5.1 FEASIBILITY STUDY:

The feasibility of the project is analyzed in this phase and business proposal is put forth with a very general plan for the project and some cost estimates. During system analysis the feasibility study of the proposed system is to be carried out. This is to ensure that the proposed system is not a burden to the company.  For feasibility analysis, some understanding of the major requirements for the system is essential.
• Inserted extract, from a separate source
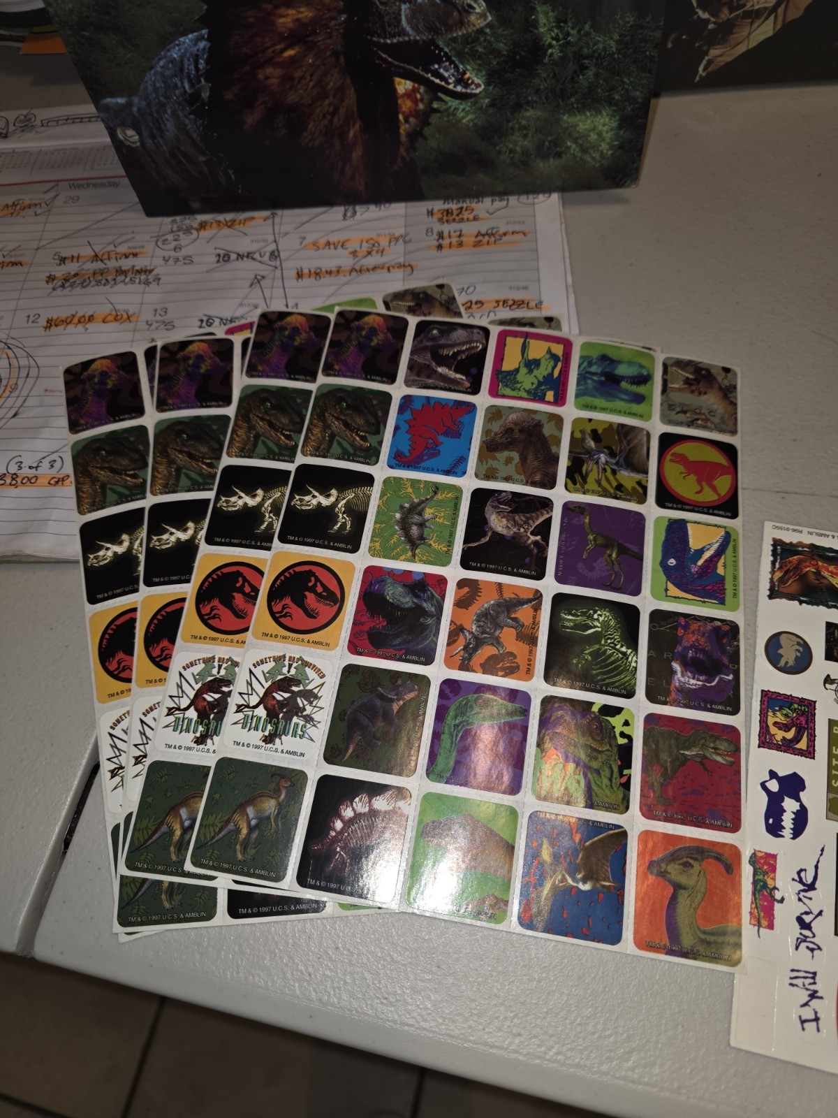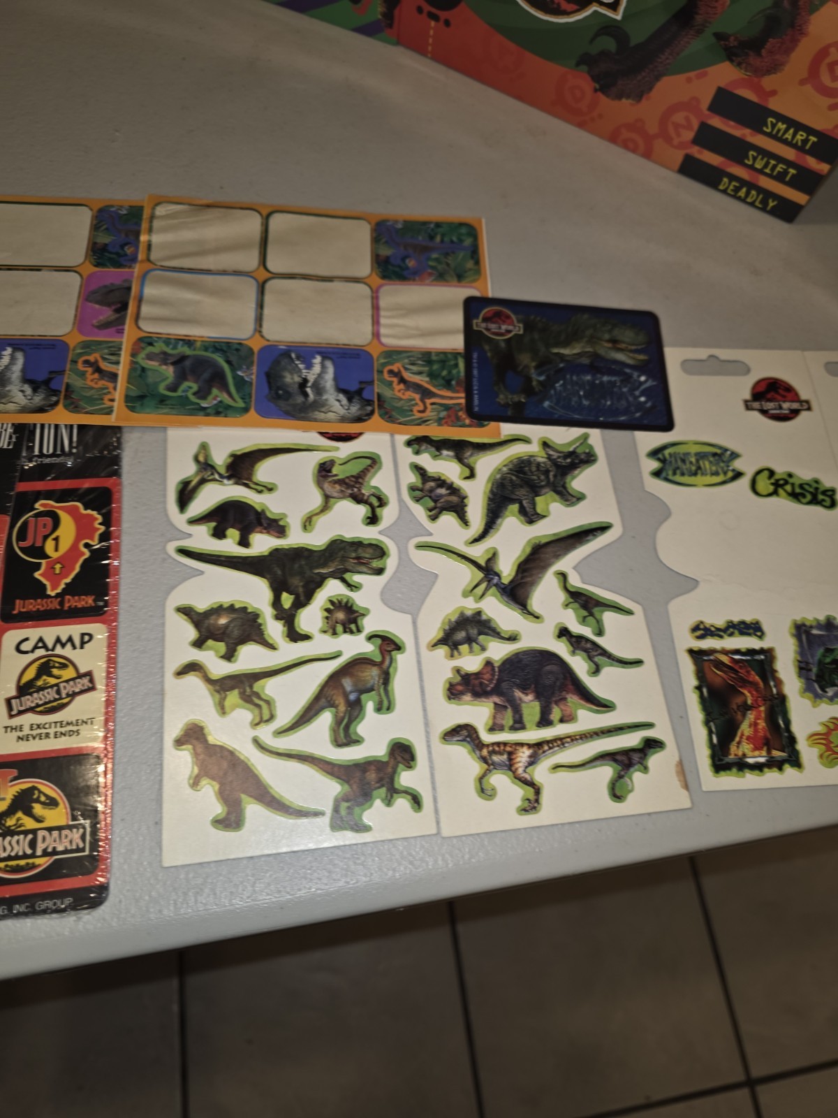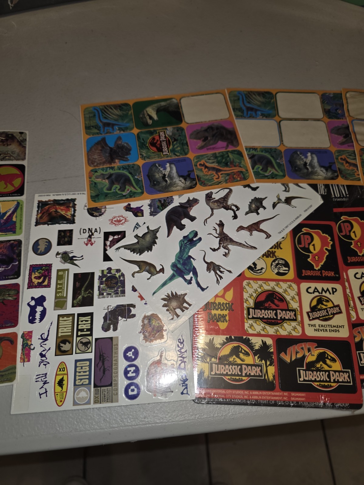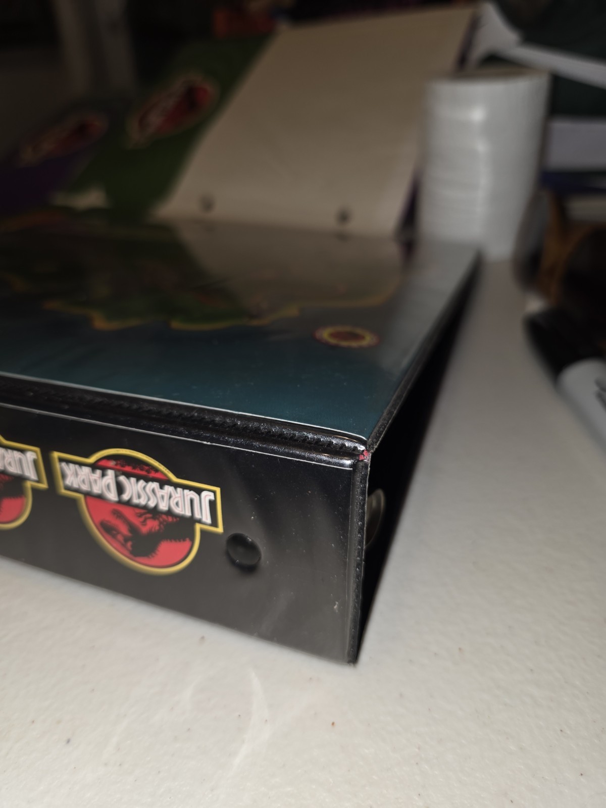 Missing some stickers. You can see in the pictures . Binder and folders are in good condition. The Jurassic Park Binder Sticker and Folder Bundle features items related to the Lost World movie released in 1997. This collectible set includes a binder and folder specifically designed for storing non-sport trading cards from the Jurassic Park franchise. The bundle offers a nostalgic touch for fans of the iconic dinosaur films, allowing them to organize and display their card collection in a fun and unique way. Perfect for collectors looking to add a touch of nostalgia to their memorabilia collection.

Three key considerations involved in the feasibility analysis are      

  • ECONOMICAL FEASIBILITY
  • TECHNICAL FEASIBILITY
  • SOCIAL FEASIBILITY

5.1.1 ECONOMICAL FEASIBILITY:                  

This study is carried out to check the economic impact that the system will have on the organization. The amount of fund that the company can pour into the research and development of the system is limited. The expenditures must be justified. Thus the developed system as well within the budget and this was achieved because most of the technologies used are freely available. Only the customized products had to be purchased.

5.1.2 TECHNICAL FEASIBILITY:

This study is carried out to check the technical feasibility, that is, the technical requirements of the system. Any system developed must not have a high demand on the available technical resources. This will lead to high demands on the available technical resources. This will lead to high demands being placed on the client. The developed system must have a modest requirement, as only minimal or null changes are required for implementing this system.  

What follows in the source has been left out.